## About this task
Everything in the listing should be set down exactly, apart from the pictures.

--- Supplied information Enclosed Below ---

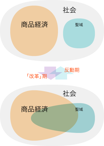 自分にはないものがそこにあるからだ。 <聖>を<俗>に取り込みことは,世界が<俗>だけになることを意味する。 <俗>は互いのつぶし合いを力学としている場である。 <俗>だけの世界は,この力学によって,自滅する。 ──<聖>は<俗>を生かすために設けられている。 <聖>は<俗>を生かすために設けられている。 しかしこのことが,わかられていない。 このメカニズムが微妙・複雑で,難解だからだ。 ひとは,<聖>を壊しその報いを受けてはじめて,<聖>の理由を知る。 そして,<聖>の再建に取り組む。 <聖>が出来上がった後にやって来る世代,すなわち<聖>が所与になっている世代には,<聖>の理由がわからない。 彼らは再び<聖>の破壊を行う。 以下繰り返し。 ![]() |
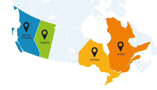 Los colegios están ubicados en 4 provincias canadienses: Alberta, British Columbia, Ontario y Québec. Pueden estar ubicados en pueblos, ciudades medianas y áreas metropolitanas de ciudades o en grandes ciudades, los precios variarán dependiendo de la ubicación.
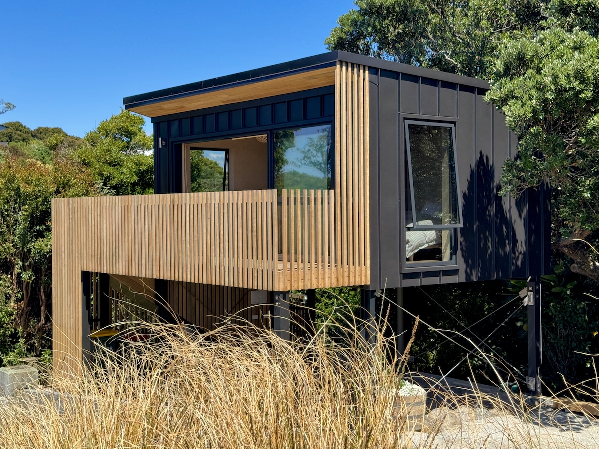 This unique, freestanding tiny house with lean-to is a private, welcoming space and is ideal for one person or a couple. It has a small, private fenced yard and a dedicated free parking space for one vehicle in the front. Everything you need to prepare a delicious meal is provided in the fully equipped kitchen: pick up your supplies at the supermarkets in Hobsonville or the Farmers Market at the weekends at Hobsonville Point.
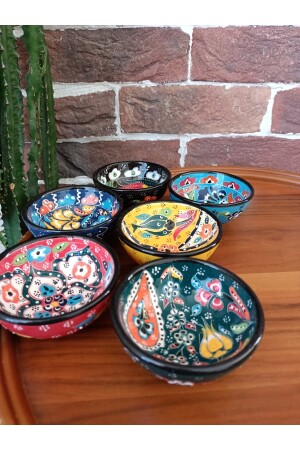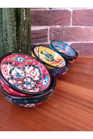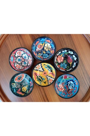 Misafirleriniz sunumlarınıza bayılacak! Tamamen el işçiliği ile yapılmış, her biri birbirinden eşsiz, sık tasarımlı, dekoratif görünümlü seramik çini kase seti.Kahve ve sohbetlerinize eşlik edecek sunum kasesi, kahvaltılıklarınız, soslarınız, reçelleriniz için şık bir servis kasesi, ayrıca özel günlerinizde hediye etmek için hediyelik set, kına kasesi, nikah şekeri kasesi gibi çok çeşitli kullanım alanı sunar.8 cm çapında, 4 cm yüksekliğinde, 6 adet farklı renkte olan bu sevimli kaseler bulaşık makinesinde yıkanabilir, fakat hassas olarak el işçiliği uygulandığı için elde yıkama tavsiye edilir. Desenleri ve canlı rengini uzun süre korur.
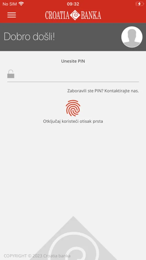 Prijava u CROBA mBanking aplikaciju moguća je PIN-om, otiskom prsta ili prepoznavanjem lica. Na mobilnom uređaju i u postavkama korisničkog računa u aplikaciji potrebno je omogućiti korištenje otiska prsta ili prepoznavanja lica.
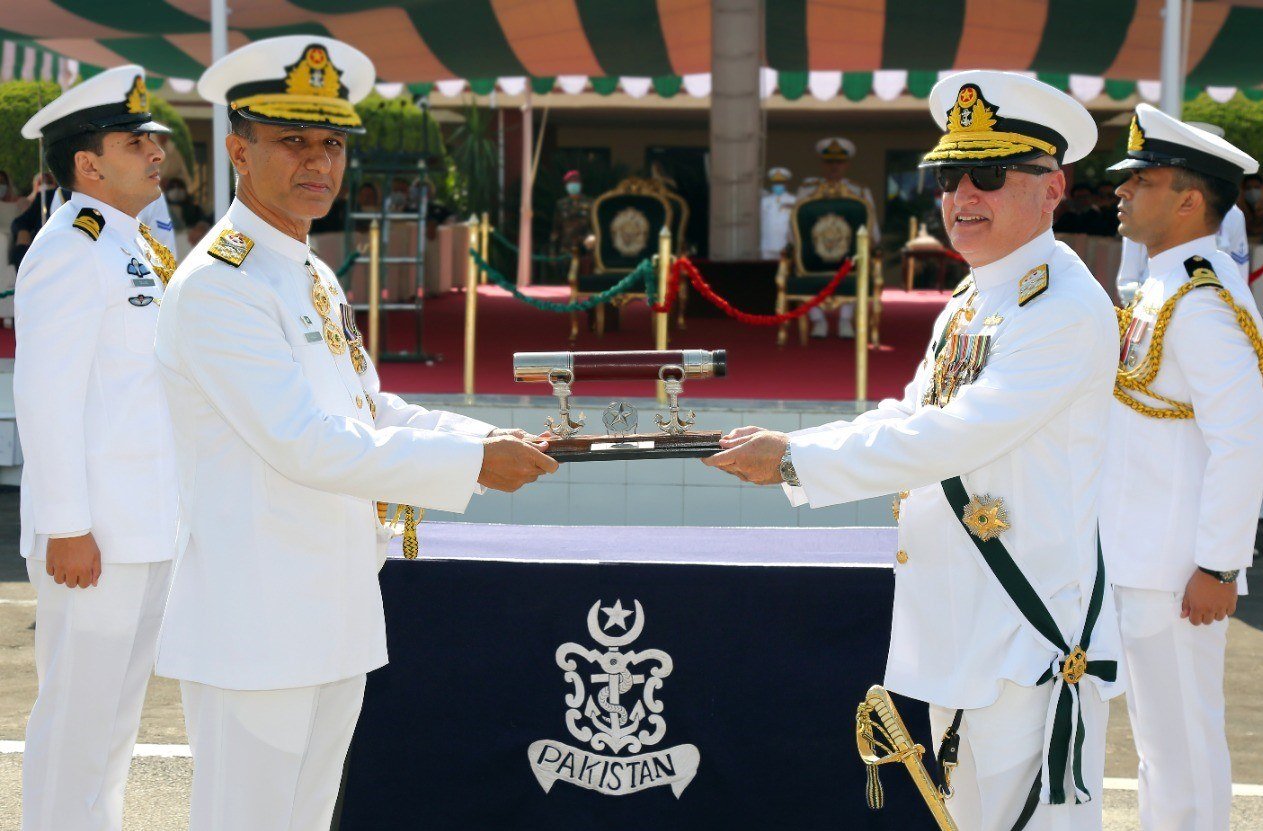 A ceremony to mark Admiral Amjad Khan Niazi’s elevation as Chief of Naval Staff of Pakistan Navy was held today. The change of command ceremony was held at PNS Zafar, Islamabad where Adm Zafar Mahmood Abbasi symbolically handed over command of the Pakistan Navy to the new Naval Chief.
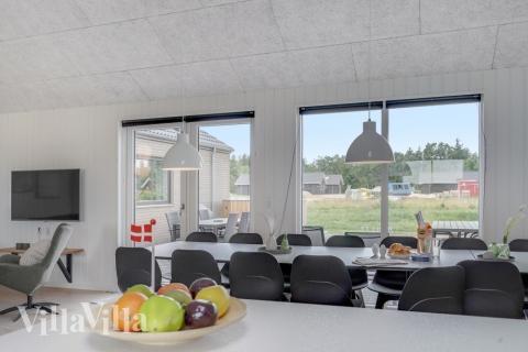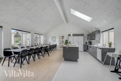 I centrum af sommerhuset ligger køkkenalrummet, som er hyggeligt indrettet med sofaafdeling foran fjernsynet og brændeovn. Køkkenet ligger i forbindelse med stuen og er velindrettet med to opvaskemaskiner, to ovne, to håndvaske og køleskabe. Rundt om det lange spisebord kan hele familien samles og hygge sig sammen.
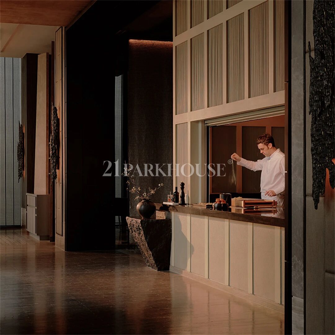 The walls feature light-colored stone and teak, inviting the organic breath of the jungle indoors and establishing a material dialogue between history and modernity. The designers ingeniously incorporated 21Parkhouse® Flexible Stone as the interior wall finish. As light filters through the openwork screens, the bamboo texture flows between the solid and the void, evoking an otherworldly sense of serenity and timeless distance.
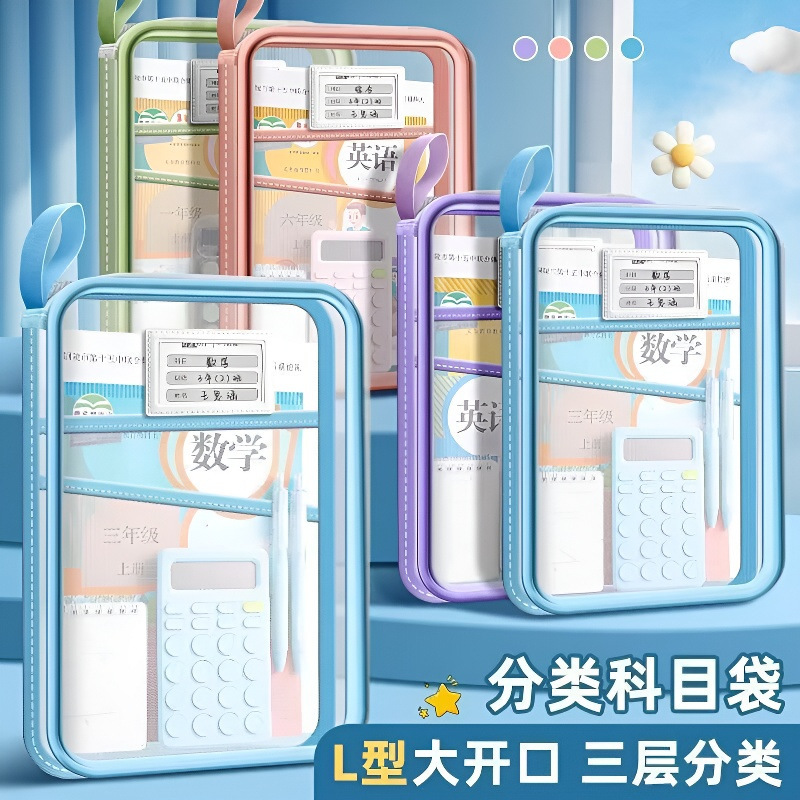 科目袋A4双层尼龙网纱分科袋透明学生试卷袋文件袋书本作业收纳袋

--- End of Enclosed Supplied information ---

## Answer space
 自分にはないものがそこにあるからだ。 <聖>を<俗>に取り込みことは,世界が<俗>だけになることを意味する。 <俗>は互いのつぶし合いを力学としている場である。 <俗>だけの世界は,この力学によって,自滅する。 ──<聖>は<俗>を生かすために設けられている。 <聖>は<俗>を生かすために設けられている。 しかしこのことが,わかられていない。 このメカニズムが微妙・複雑で,難解だからだ。 ひとは,<聖>を壊しその報いを受けてはじめて,<聖>の理由を知る。 そして,<聖>の再建に取り組む。 <聖>が出来上がった後にやって来る世代,すなわち<聖>が所与になっている世代には,<聖>の理由がわからない。 彼らは再び<聖>の破壊を行う。 以下繰り返し。 ![]() |
 Los colegios están ubicados en 4 provincias canadienses: Alberta, British Columbia, Ontario y Québec. Pueden estar ubicados en pueblos, ciudades medianas y áreas metropolitanas de ciudades o en grandes ciudades, los precios variarán dependiendo de la ubicación.
 This unique, freestanding tiny house with lean-to is a private, welcoming space and is ideal for one person or a couple. It has a small, private fenced yard and a dedicated free parking space for one vehicle in the front. Everything you need to prepare a delicious meal is provided in the fully equipped kitchen: pick up your supplies at the supermarkets in Hobsonville or the Farmers Market at the weekends at Hobsonville Point.
 Misafirleriniz sunumlarınıza bayılacak! Tamamen el işçiliği ile yapılmış, her biri birbirinden eşsiz, sık tasarımlı, dekoratif görünümlü seramik çini kase seti.Kahve ve sohbetlerinize eşlik edecek sunum kasesi, kahvaltılıklarınız, soslarınız, reçelleriniz için şık bir servis kasesi, ayrıca özel günlerinizde hediye etmek için hediyelik set, kına kasesi, nikah şekeri kasesi gibi çok çeşitli kullanım alanı sunar.8 cm çapında, 4 cm yüksekliğinde, 6 adet farklı renkte olan bu sevimli kaseler bulaşık makinesinde yıkanabilir, fakat hassas olarak el işçiliği uygulandığı için elde yıkama tavsiye edilir. Desenleri ve canlı rengini uzun süre korur.
 Prijava u CROBA mBanking aplikaciju moguća je PIN-om, otiskom prsta ili prepoznavanjem lica. Na mobilnom uređaju i u postavkama korisničkog računa u aplikaciji potrebno je omogućiti korištenje otiska prsta ili prepoznavanja lica.
 A ceremony to mark Admiral Amjad Khan Niazi’s elevation as Chief of Naval Staff of Pakistan Navy was held today. The change of command ceremony was held at PNS Zafar, Islamabad where Adm Zafar Mahmood Abbasi symbolically handed over command of the Pakistan Navy to the new Naval Chief.
 I centrum af sommerhuset ligger køkkenalrummet, som er hyggeligt indrettet med sofaafdeling foran fjernsynet og brændeovn. Køkkenet ligger i forbindelse med stuen og er velindrettet med to opvaskemaskiner, to ovne, to håndvaske og køleskabe. Rundt om det lange spisebord kan hele familien samles og hygge sig sammen.
 The walls feature light-colored stone and teak, inviting the organic breath of the jungle indoors and establishing a material dialogue between history and modernity. The designers ingeniously incorporated 21Parkhouse® Flexible Stone as the interior wall finish. As light filters through the openwork screens, the bamboo texture flows between the solid and the void, evoking an otherworldly sense of serenity and timeless distance.
 科目袋A4双层尼龙网纱分科袋透明学生试卷袋文件袋书本作业收纳袋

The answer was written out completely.